Comment résoudre une prise d’otages massive (POM) ? 

Tous les moyens ont été mobilisés en très peu de temps, on est pourtant en droit de s’interroger sur la tactique adoptée par l’armée algérienne pour résoudre cette crise exceptionnelle par le nombre d’otages concernés, la configuration du site et ses difficultés d’accès en plein désert. Aucun pays n’est vraiment préparé à une telle crise, mis à part quelques Etats dont la France qui bénéficie d’unités d’intervention qui se préparent à de tels scénarios catastrophes depuis les attaques à Bombay en 2008. La prise d’otages d’In Amenas risque d’ailleurs de figurer bientôt au menu des scénarios à étudier.
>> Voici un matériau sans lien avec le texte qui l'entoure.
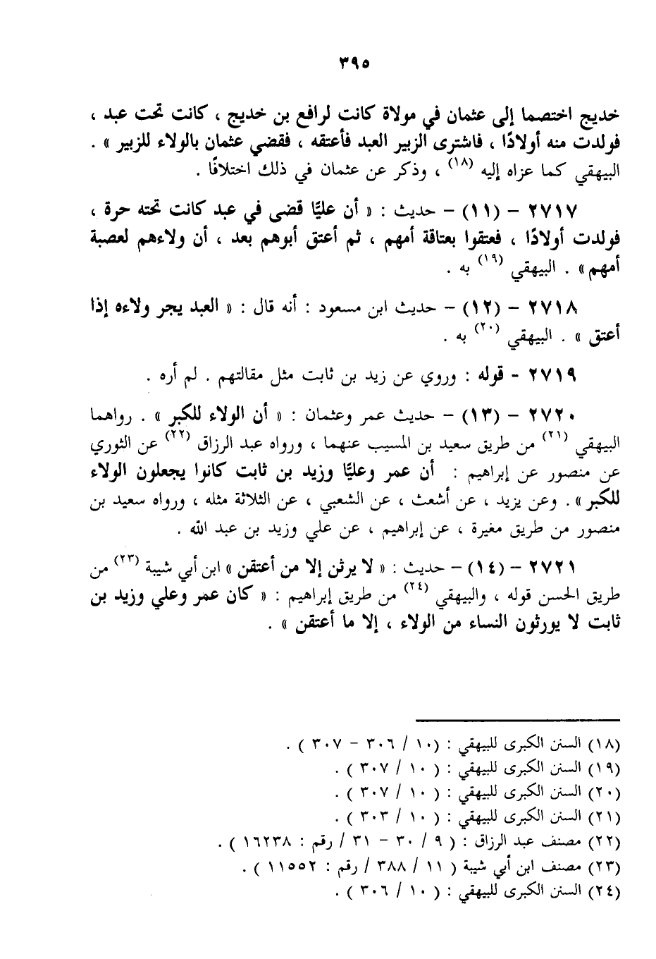 2720 - (13) - حَدِيثُ عُمَرَ وَعُثْمَانَ: " أَنَّ الْوَلَاءَ لِلْكِبَرِ " رَوَاهُمَا الْبَيْهَقِيُّ مِنْ طَرِيقِ سَعِيدِ بْنِ الْمُسَيِّبِ عَنْهُمَا وَرَوَاهُ عَبْدُ الرَّزَّاقِ عَنْ الثَّوْرِيِّ عَنْ مَنْصُورٍ عَنْ إبْرَاهِيمَ: أَنَّ عُمَرَ وَعَلِيًّا وَزَيْدَ بْنَ ثَابِتٍ كَانُوا يَجْعَلُونَ الْوَلَاءَ لِلْكِبَرِ ". وَعَنْ يَزِيدَ، عَنْ أَشْعَثَ، عَنْ الشَّعْبِيِّ، عَنْ الثَّلَاثَةِ مِثْلُهُ، وَرَوَاهُ سَعِيدُ بْنُ مَنْصُورٍ مِنْ طَرِيقِ مُغِيرَةَ، عَنْ إبْرَاهِيمَ، عَنْ عَلِيٍّ وَزَيْدِ بْنِ عَبْدِ اللَّهِ
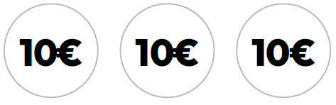 - Boleto premiado: 3 símbolos «10 €» en línea

Une POM demande des moyens techniques et mobiles (blindés, hélicoptères, avions) d’envergure, des hommes préparés à une action très ciblée et formés à des procédures très particulières. Sans entrer dans des détails confidentiels, point trop n’en faut, imperméabiliser la zone constitue une première étape afin de « geler l’ensemble et éviter une propagation de la crise », nous explique un spécialiste. Vient ensuite une phase d’observation humaine et technique pour identifier les otages, les preneurs d’otages ainsi que les interactions  entre eux. Si possible, une négociation est engagée, ce n’est pas un point fort des algériens répétant de toute façon au cours de la crise « qu’on ne négocie pas avec les terroristes ». Dans certains cas, elle peut permettre de gagner du temps et d’obtenir d’éventuelles libérations d’otages en échange d’eau ou de nourriture. Des cas de figure déjà rencontrées lors de plusieurs prises d’otages dans le passé. « Il ne faut pas rêver, cette phase peut aussi permettre de bluffer et duper l’adversaire pour détourner son attention, comme cela a déjà pu se produire sur des forcenés ou des preneurs d’otages », précise un autre spécialiste de cette question souhaitant conserver l’anonymat. Dans le cas extrême où une action de vive force est nécessaire pour préserver la vie des otages, l’assaut est configuré selon les renseignements obtenus au cours des phases précédentes (négociation, renseignement humain, etc). Une phase critique consiste aussi à s’assurer de la présence d’aucun ravisseur parmi les otages libérés.

 « Un tel engagement demande beaucoup de mois de préparation pour les hommes entraînés sur ces crises de très haute intensité qui ont fatalement très peu de chances de se produire », confie ce même spécialiste. Une prise d’otages en France comme celle en Algérie nécessiterait un déploiement inédit d’unités spécialisées, décidée par les plus hautes autorités de l’Etats, de la police (RAID, GIPN), de la gendarmerie (GIGN, PI2G) et de Forces Spéciales pouvant être coordonnées notamment autour de l’Unité de coordination des forces d’intervention (UCOFI) dédiée à apporter des conseils et des arbitrages au ministère de l’Intérieur. Un scénario tout à fait crédible face à une menace terroriste élevée permanente et un plan vigipirate au bord de l’écarlate. Cet évènement à In Amenas demandera à s’adapter à une nouvelle forme de menace de prises d’otages géantes sur des sites sensibles pouvant frapper les intérêts d’un Etat sur son sol ou, plus facilement, à l’étranger. Un retour d’expérience qui s’annonce plus qu’instructif.